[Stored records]
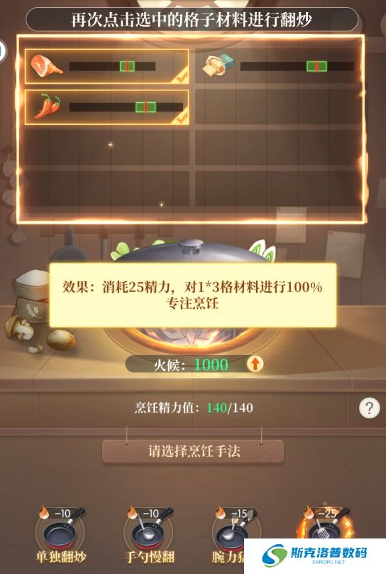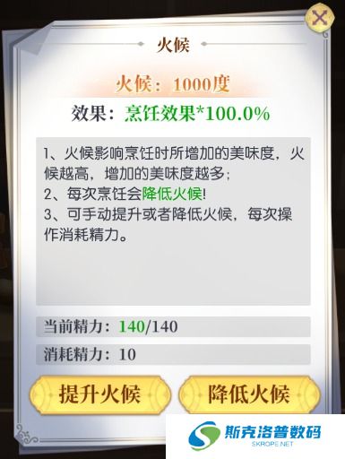 每次烹饪都会消耗精力,调整火候也会消耗精力。因此,需要在精力耗尽前完成烹饪,否则无法继续提升美味度或更改火候。
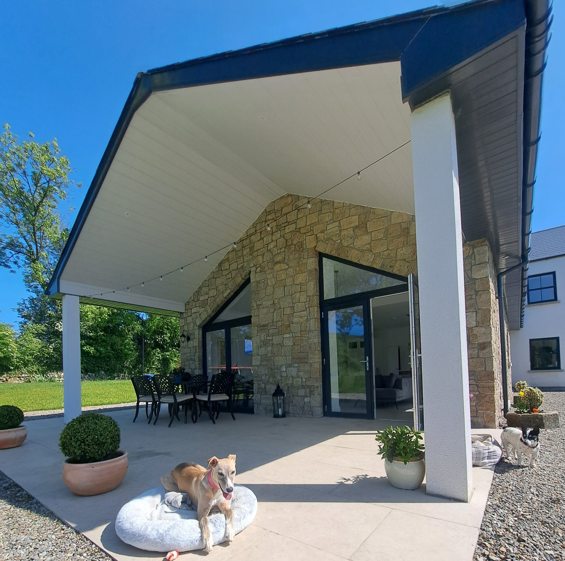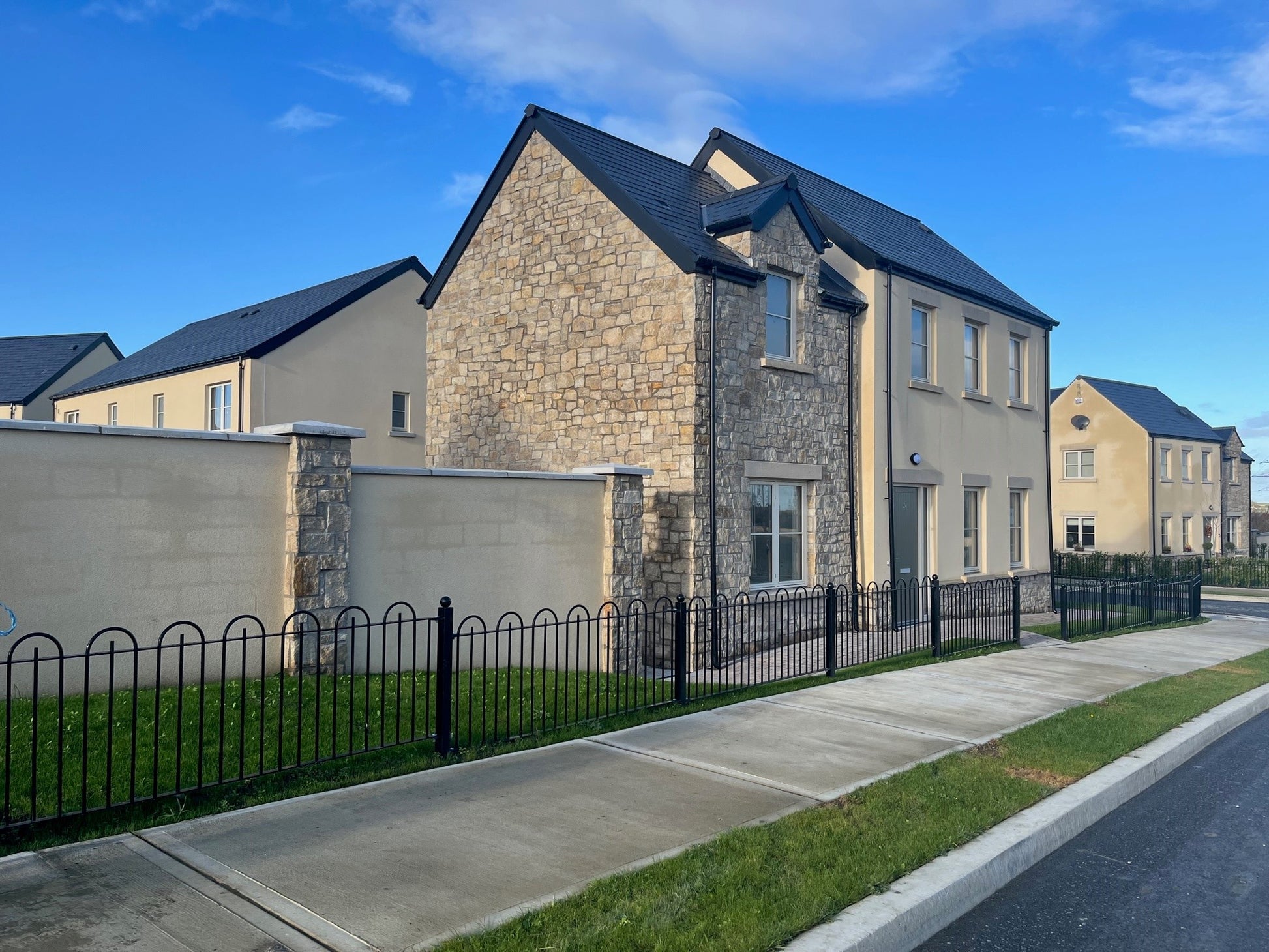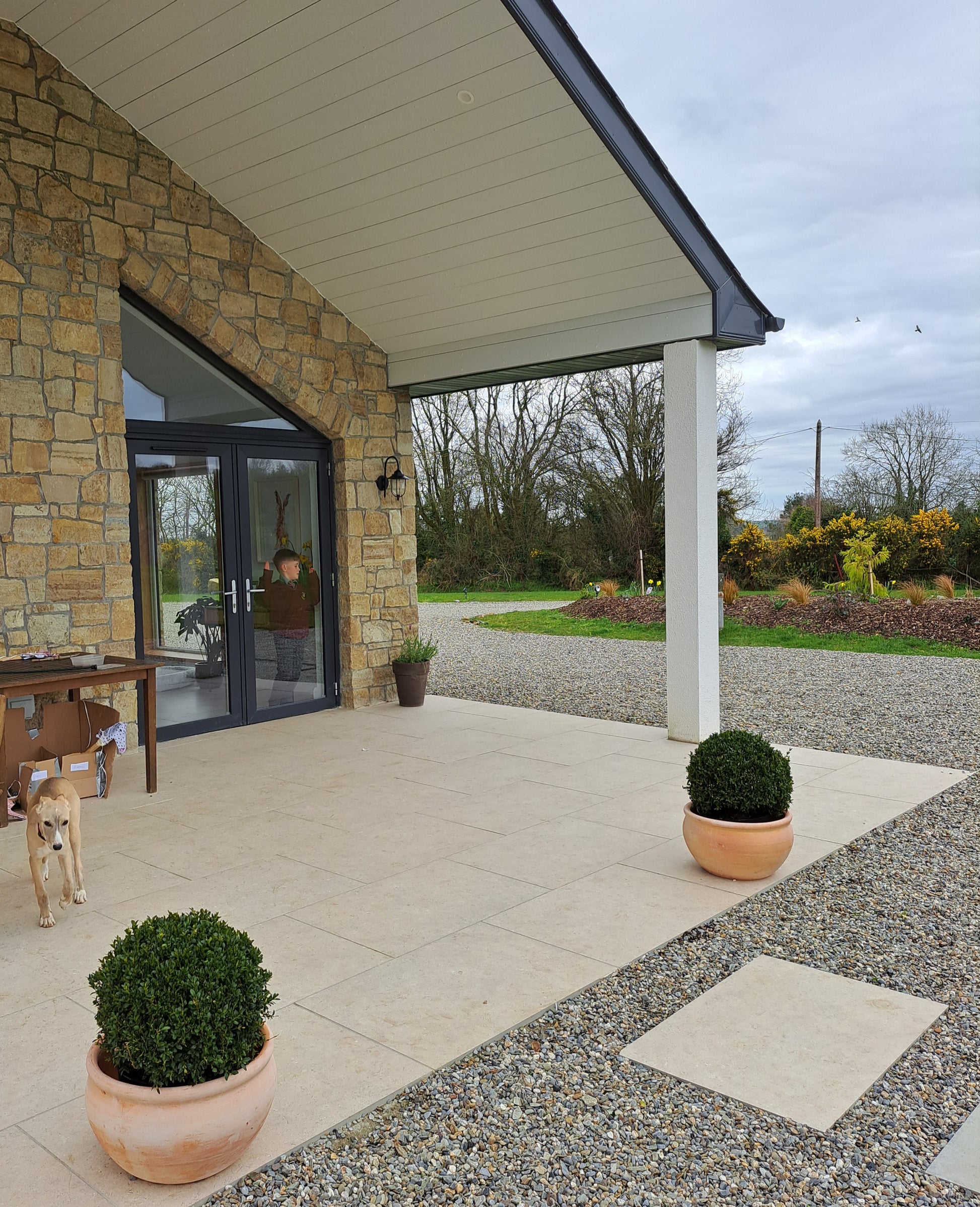 Golden brown in colour, our Grit Sandstone Stoneer Flats are produced at our facility in Mountcharles, Co. Donegal. Featuring a granite-like gritty surface texture, this material is a popular choice for both internal and external applications, including house facades, fireplaces, porches, and boundary walls. Please note that due to production difficulties, we are currently unable to guarantee the availability of L-shape corner pieces for this material.
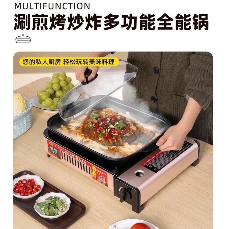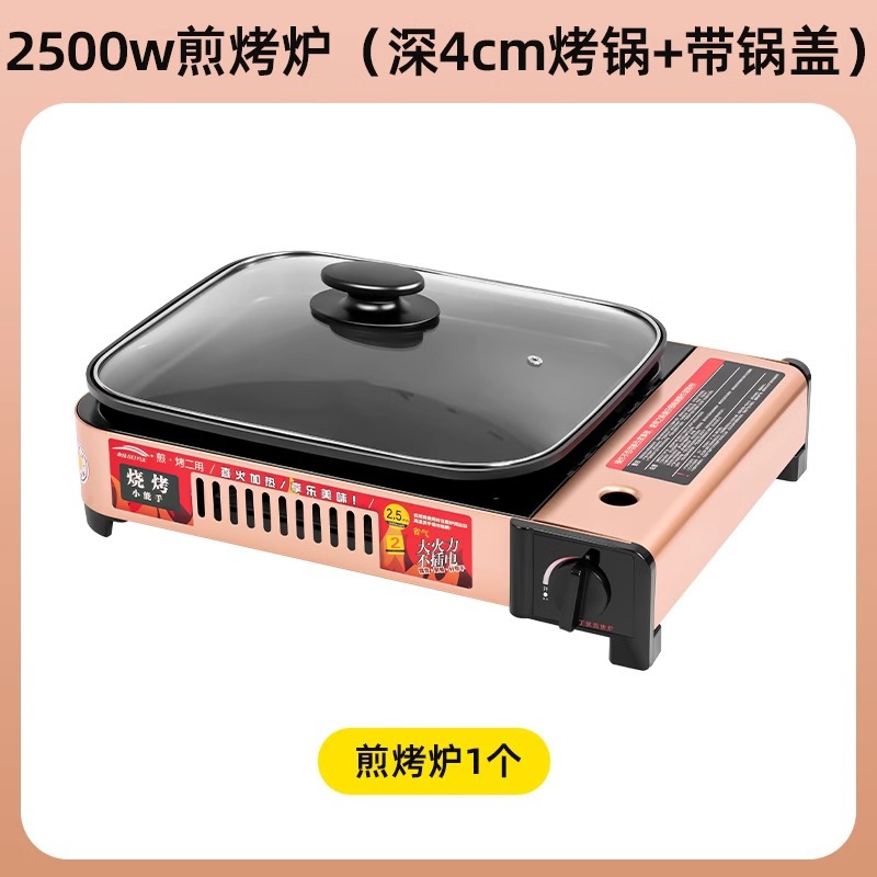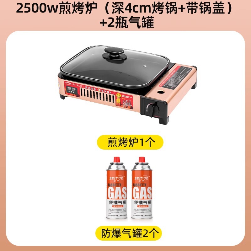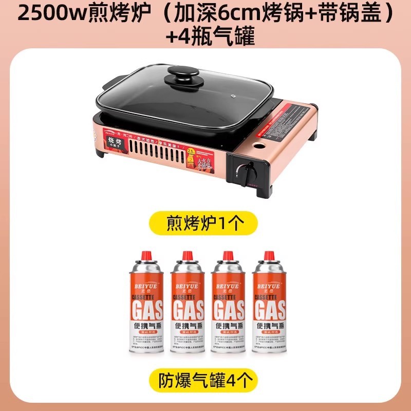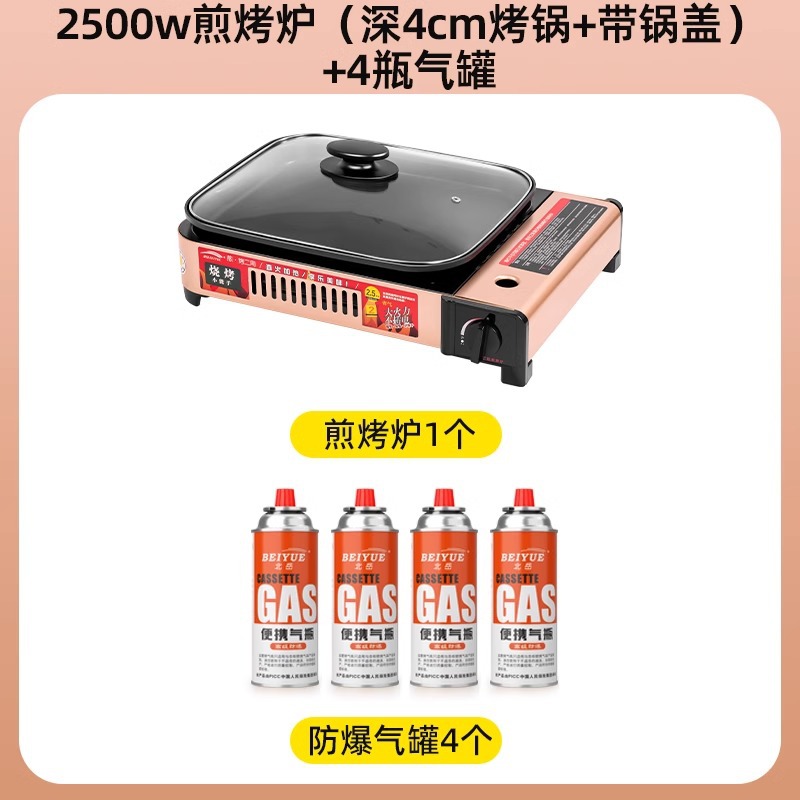 2500w煎烤炉+(深4cm烤锅+带锅盖)+4瓶防爆气罐
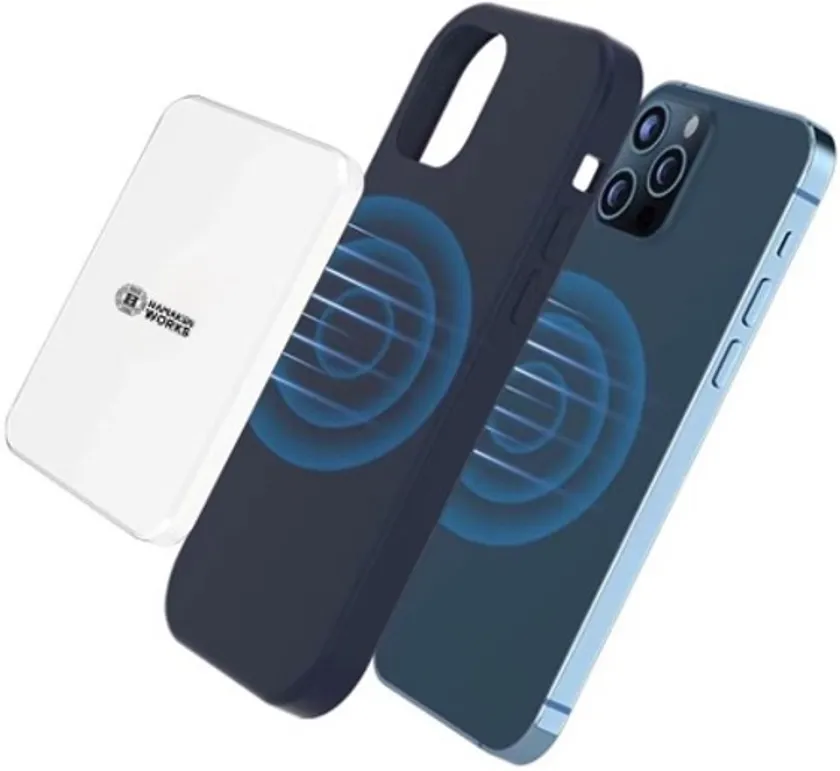 本製品は、磁石で端末と吸着接続するため、MagSafe対応のiPhone12/13/14シリーズやMagSafe対応ケース使用のQiワイヤレス充電スマートフォンで利用が出来ます。また、磁石で位置をずらさずにワイヤレス充電が利用できるケーブルレス充電が最大の特徴です。
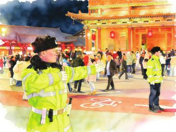 “警察叔叔,去古城西门怎么走?”“同志,现在鳌鱼花灯展开始了吗?”……19时30分,永泰门登城墙通道的游人越聚越多,咨询声此起彼伏。大同市公安局交管支队勤务保障大队古城中队负责人郝彩斌一边耐心解答游客的咨询,一边通过对讲机实时了解周边停车场车位情况。“今年车辆特别多,我们需要随时进行疏导。”
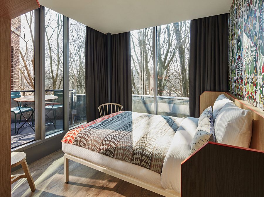 Стратегией архитекторов было – восстановить историческое здание и придать ему черты новизны. Для 168-комнатного отеля архитекторы выбрали эклектичный стиль, который подчеркивает социальную ориентированность бренда. Номера и общественные зоны хостела украшены дизайнерскими предметами декора, такими как обои от Studio Job или фрески Gino bud hoiting, которые органично сочетаются с винтажной мебелью. Кирпичное строение было не только отреставрировано, но дополнено стеклянной надстройкой, вместившей дополнительные номера с панорамными видами на Амстердам. Обновленное здание уверенно «опирается» на традиционную культуру и архитектуру, а также концептуальный дизайн. Ночью хостел привлекает внимание своей иллюминацией, оживляя район.
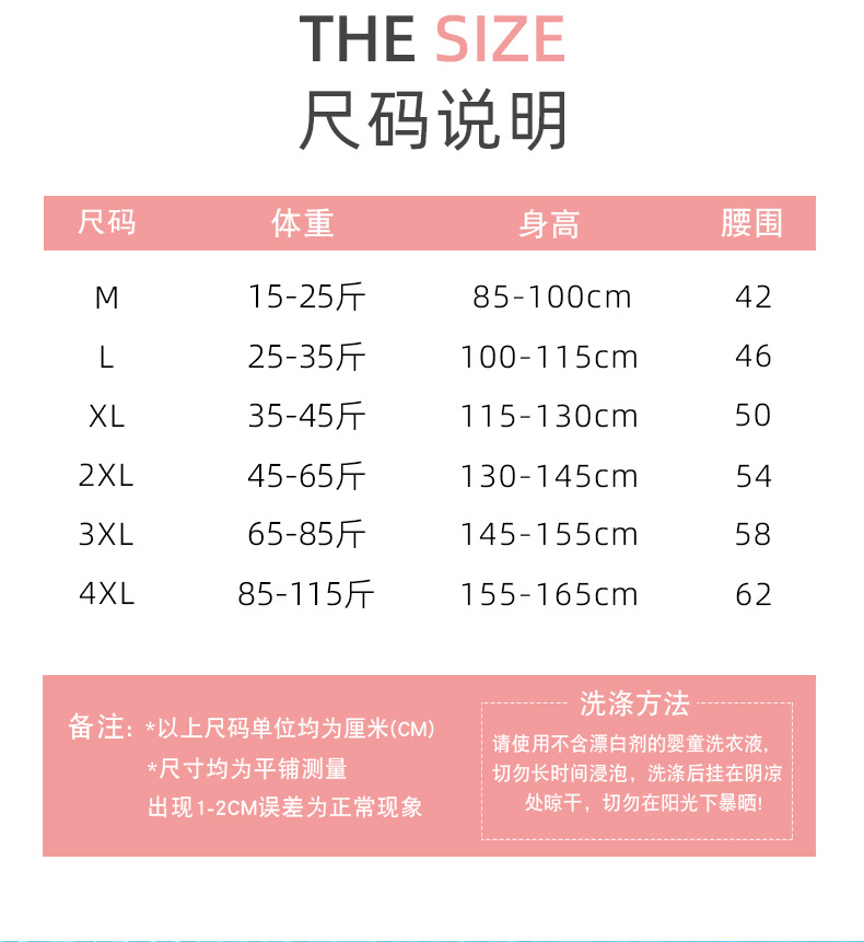 • 4XL 크기 무게 42.50 kg-57.50 kg 높이 155-165cm
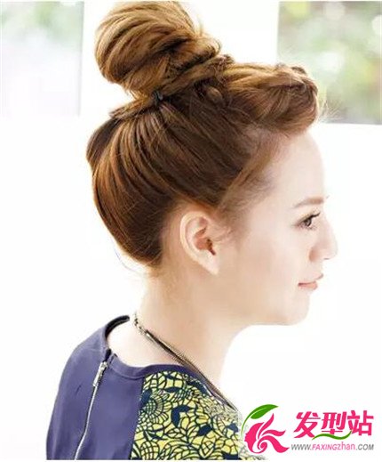 將腦后的頭發(fā)綁成馬尾后纏繞成花苞頭。
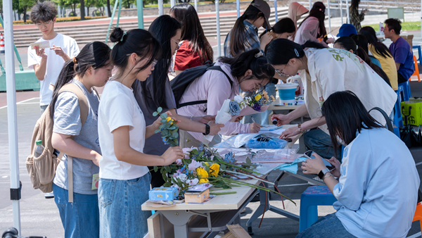 本次游园会共设置5个展区,16个活动,现场氛围热烈。“青春向阳,从心出发”创意折纸、“‘钓’出惊喜,‘鱼’乐无穷”以礼为饵、“探秘记忆,解锁心灵”扑克游戏、“抛开烦恼,快乐投掷”沙包投掷等活动助力学生储备心理健康知识,体验智者不惑的知育理念;膜法留言区、微笑打卡墙、击掌接力等活动旨在鼓励学生坦诚分享,传递仁者不忧的情育理念。“安然怀梦,定心迎光”故事接龙、“心灵拼图,共筑美好”拼图挑战、“歌海寻踪,趣满心间”歌阙赛时等活动寓教于乐,于无声处实现知识的吸纳与能力的顿悟,体现勇者不惧的意育理念。“心河拾贝,情绪漂流”三行情诗、“心语新声,向阳生长”情绪漂流瓶、“箱纳愁云,瓶传喜乐”心情驿站等活动践行积极心理学内核,表明了毅者不馁的心育理念。“你我同行,共筑心晴”树叶拓印、“束纳春光,笺藏暖意”制花赠暖、“绘心扇意,悦纳自我”漆扇手作等活动结合手工制作与心理疗愈,让学生在传统工艺中感受勤者不怠的乐育理念。参与者们穿梭于各个展区,通过完成任务收集印章,兑换精美礼品,现场欢声笑语不断,气氛热烈欢快。
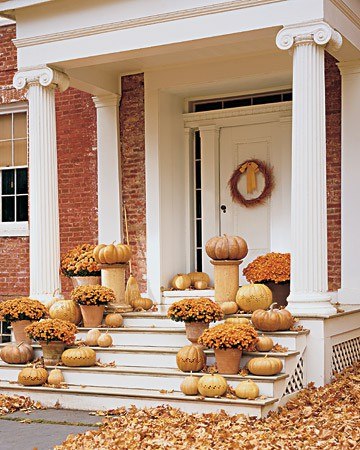 - decoraciones estacionales. El porche de una casa privada para diferentes fiestas y temporadas se puede decorar de diferentes maneras. Por ejemplo, en invierno, ramas de abeto, conos, fresno de montaña, guirnaldas servirán como decoración, en la víspera de Halloween - calabazas, y en otoño - orejas, frutas y hojas amarillas.
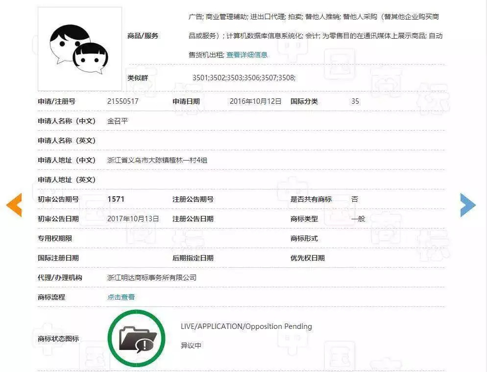 中國商標網顯示,搶注“捂臉”表情的人是金召平,他早在2017年11月21日就搶注了新晉小黃臉網紅“捂臉笑”,由浙江明達商標事務所有限公司代辦理。

→ **WHAT TO WORK ON**: All that is needed is an exact copy of the lines from the top of the entries through the line containing "本次游园会共设置5个展区,1", pictures left out.

→ **RESPONSE TO THE EXERCISE**:
 每次烹饪都会消耗精力,调整火候也会消耗精力。因此,需要在精力耗尽前完成烹饪,否则无法继续提升美味度或更改火候。
 Golden brown in colour, our Grit Sandstone Stoneer Flats are produced at our facility in Mountcharles, Co. Donegal. Featuring a granite-like gritty surface texture, this material is a popular choice for both internal and external applications, including house facades, fireplaces, porches, and boundary walls. Please note that due to production difficulties, we are currently unable to guarantee the availability of L-shape corner pieces for this material.
 2500w煎烤炉+(深4cm烤锅+带锅盖)+4瓶防爆气罐
 本製品は、磁石で端末と吸着接続するため、MagSafe対応のiPhone12/13/14シリーズやMagSafe対応ケース使用のQiワイヤレス充電スマートフォンで利用が出来ます。また、磁石で位置をずらさずにワイヤレス充電が利用できるケーブルレス充電が最大の特徴です。
 “警察叔叔,去古城西门怎么走?”“同志,现在鳌鱼花灯展开始了吗?”……19时30分,永泰门登城墙通道的游人越聚越多,咨询声此起彼伏。大同市公安局交管支队勤务保障大队古城中队负责人郝彩斌一边耐心解答游客的咨询,一边通过对讲机实时了解周边停车场车位情况。“今年车辆特别多,我们需要随时进行疏导。”
 Стратегией архитекторов было – восстановить историческое здание и придать ему черты новизны. Для 168-комнатного отеля архитекторы выбрали эклектичный стиль, который подчеркивает социальную ориентированность бренда. Номера и общественные зоны хостела украшены дизайнерскими предметами декора, такими как обои от Studio Job или фрески Gino bud hoiting, которые органично сочетаются с винтажной мебелью. Кирпичное строение было не только отреставрировано, но дополнено стеклянной надстройкой, вместившей дополнительные номера с панорамными видами на Амстердам. Обновленное здание уверенно «опирается» на традиционную культуру и архитектуру, а также концептуальный дизайн. Ночью хостел привлекает внимание своей иллюминацией, оживляя район.
 • 4XL 크기 무게 42.50 kg-57.50 kg 높이 155-165cm
 將腦后的頭發(fā)綁成馬尾后纏繞成花苞頭。
 本次游园会共设置5个展区,16个活动,现场氛围热烈。“青春向阳,从心出发”创意折纸、“‘钓’出惊喜,‘鱼’乐无穷”以礼为饵、“探秘记忆,解锁心灵”扑克游戏、“抛开烦恼,快乐投掷”沙包投掷等活动助力学生储备心理健康知识,体验智者不惑的知育理念;膜法留言区、微笑打卡墙、击掌接力等活动旨在鼓励学生坦诚分享,传递仁者不忧的情育理念。“安然怀梦,定心迎光”故事接龙、“心灵拼图,共筑美好”拼图挑战、“歌海寻踪,趣满心间”歌阙赛时等活动寓教于乐,于无声处实现知识的吸纳与能力的顿悟,体现勇者不惧的意育理念。“心河拾贝,情绪漂流”三行情诗、“心语新声,向阳生长”情绪漂流瓶、“箱纳愁云,瓶传喜乐”心情驿站等活动践行积极心理学内核,表明了毅者不馁的心育理念。“你我同行,共筑心晴”树叶拓印、“束纳春光,笺藏暖意”制花赠暖、“绘心扇意,悦纳自我”漆扇手作等活动结合手工制作与心理疗愈,让学生在传统工艺中感受勤者不怠的乐育理念。参与者们穿梭于各个展区,通过完成任务收集印章,兑换精美礼品,现场欢声笑语不断,气氛热烈欢快。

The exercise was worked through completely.